# Recorded data
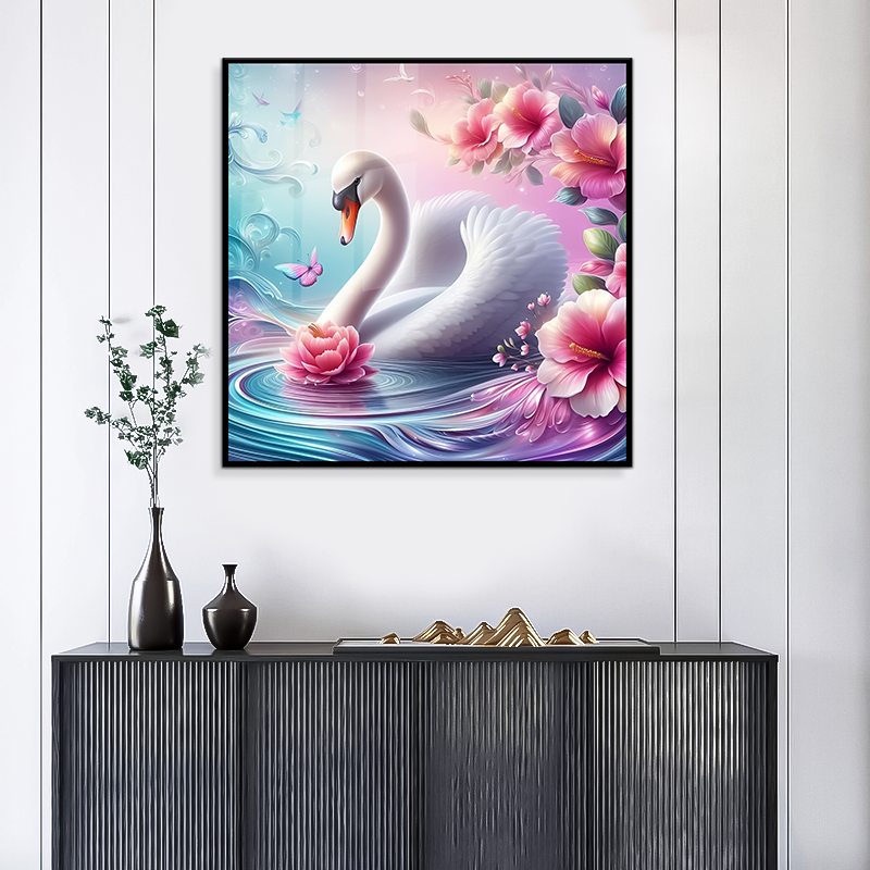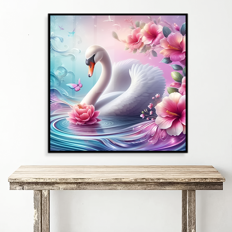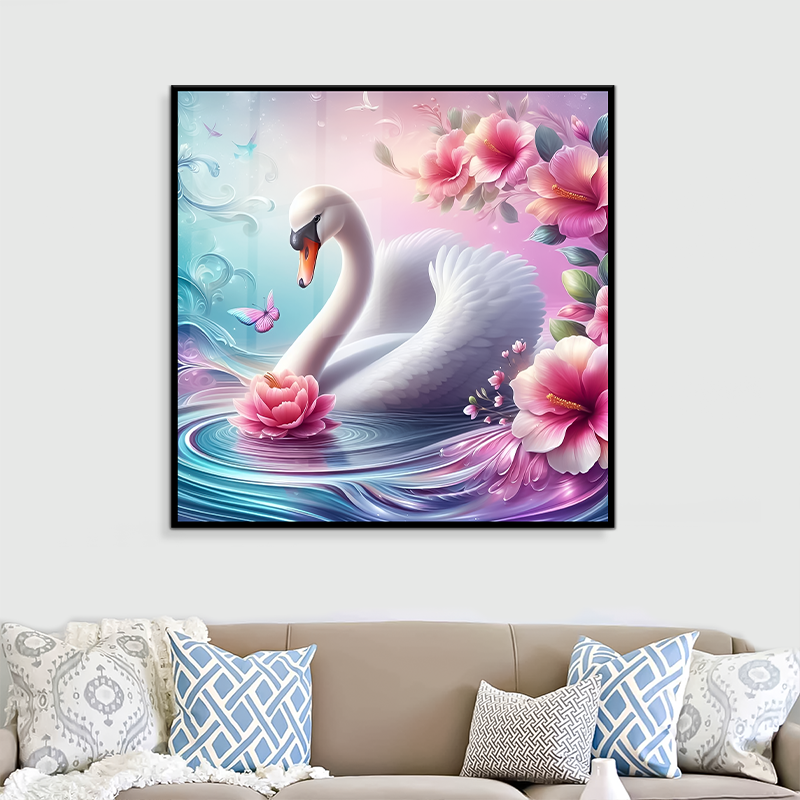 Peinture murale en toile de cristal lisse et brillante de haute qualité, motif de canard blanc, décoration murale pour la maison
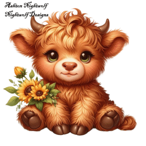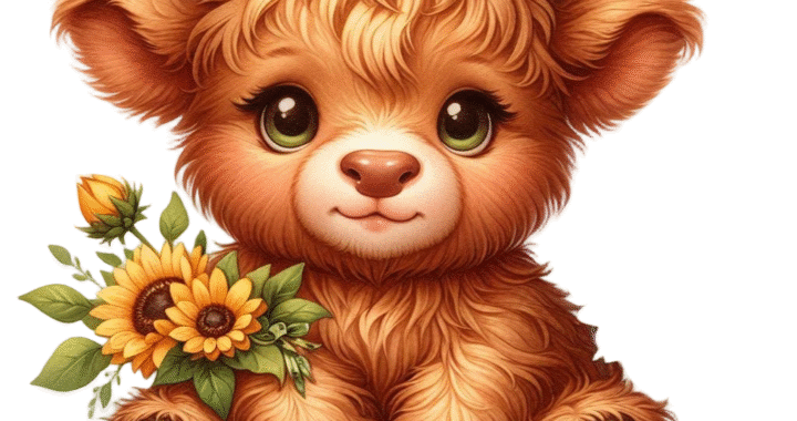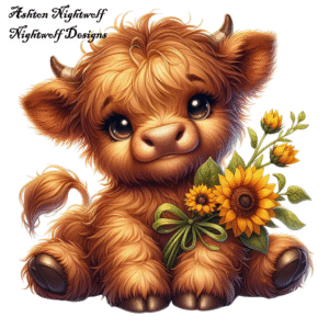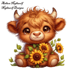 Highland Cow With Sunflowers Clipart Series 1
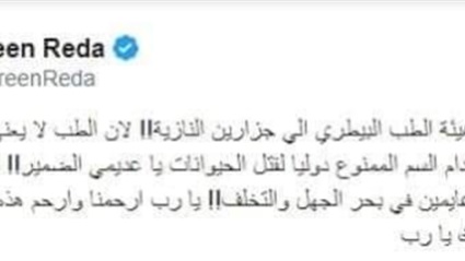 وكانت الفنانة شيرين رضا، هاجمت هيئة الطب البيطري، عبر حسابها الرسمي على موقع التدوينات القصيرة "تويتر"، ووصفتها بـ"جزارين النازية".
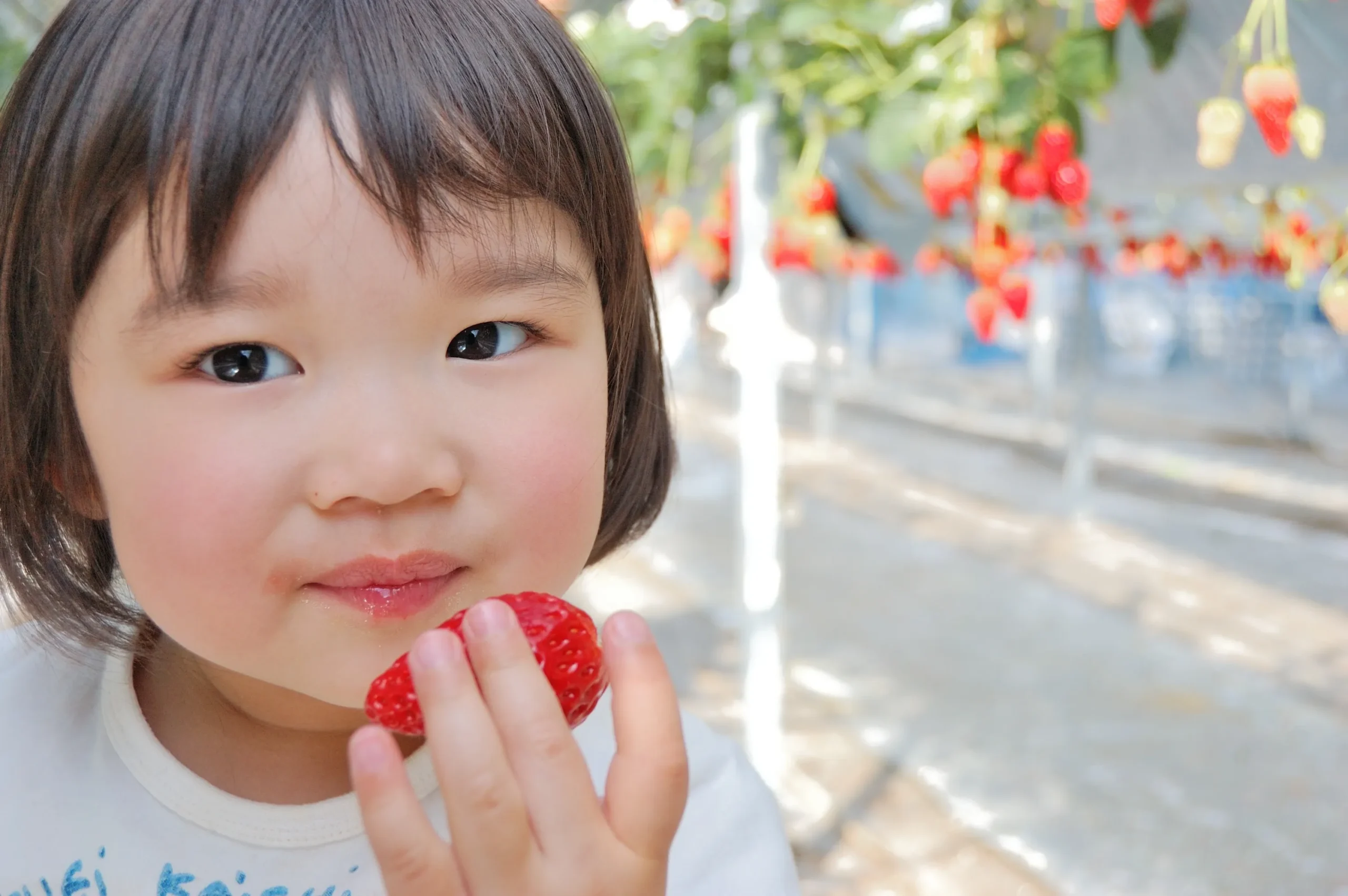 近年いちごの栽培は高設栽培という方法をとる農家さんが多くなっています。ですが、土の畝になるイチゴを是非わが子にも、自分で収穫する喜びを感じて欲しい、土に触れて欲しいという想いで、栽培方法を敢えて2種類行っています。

==

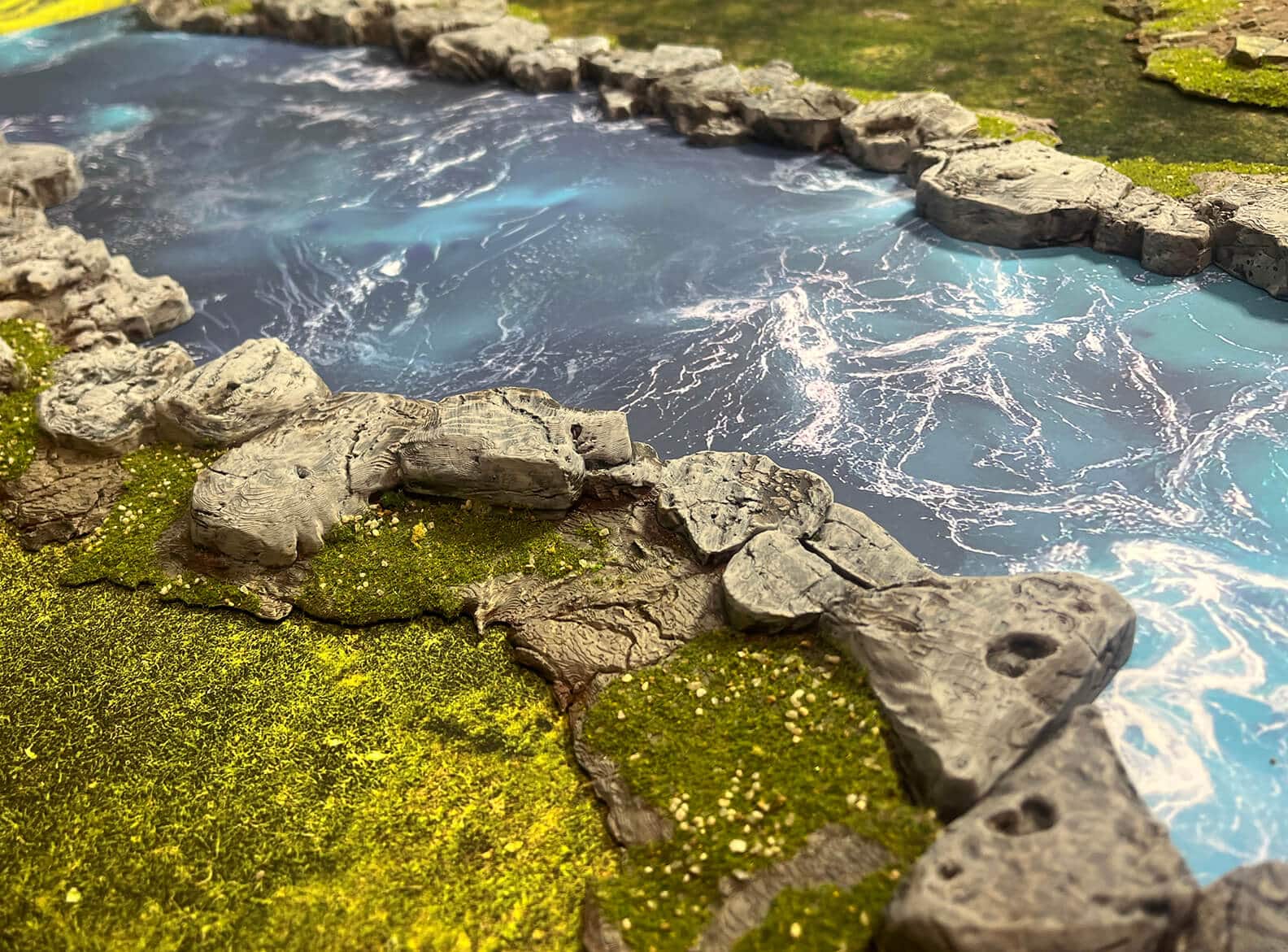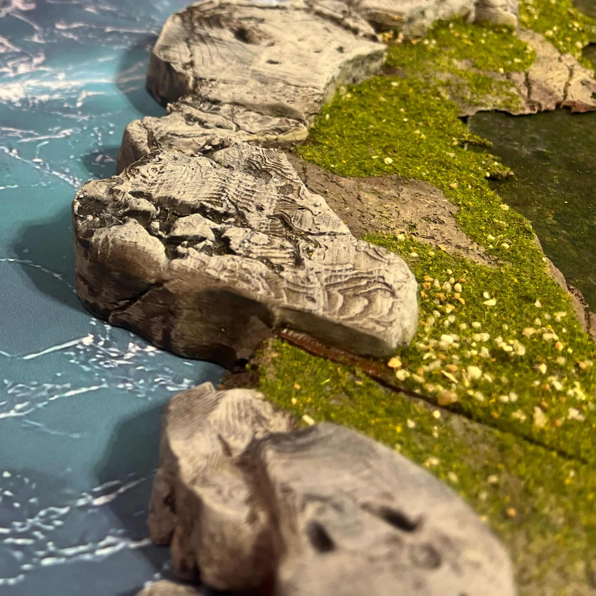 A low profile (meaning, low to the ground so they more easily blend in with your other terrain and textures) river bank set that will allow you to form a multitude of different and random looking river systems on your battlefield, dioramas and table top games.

# What you need to do
Of the records above, print only the lines from the one containing "وكانت الفنانة شيرين" through the one containing "近年いちごの栽培は高設栽培と", inclusive and unaltered, leaving out pictures.

# Output of the exercise
 وكانت الفنانة شيرين رضا، هاجمت هيئة الطب البيطري، عبر حسابها الرسمي على موقع التدوينات القصيرة "تويتر"، ووصفتها بـ"جزارين النازية".
 近年いちごの栽培は高設栽培という方法をとる農家さんが多くなっています。ですが、土の畝になるイチゴを是非わが子にも、自分で収穫する喜びを感じて欲しい、土に触れて欲しいという想いで、栽培方法を敢えて2種類行っています。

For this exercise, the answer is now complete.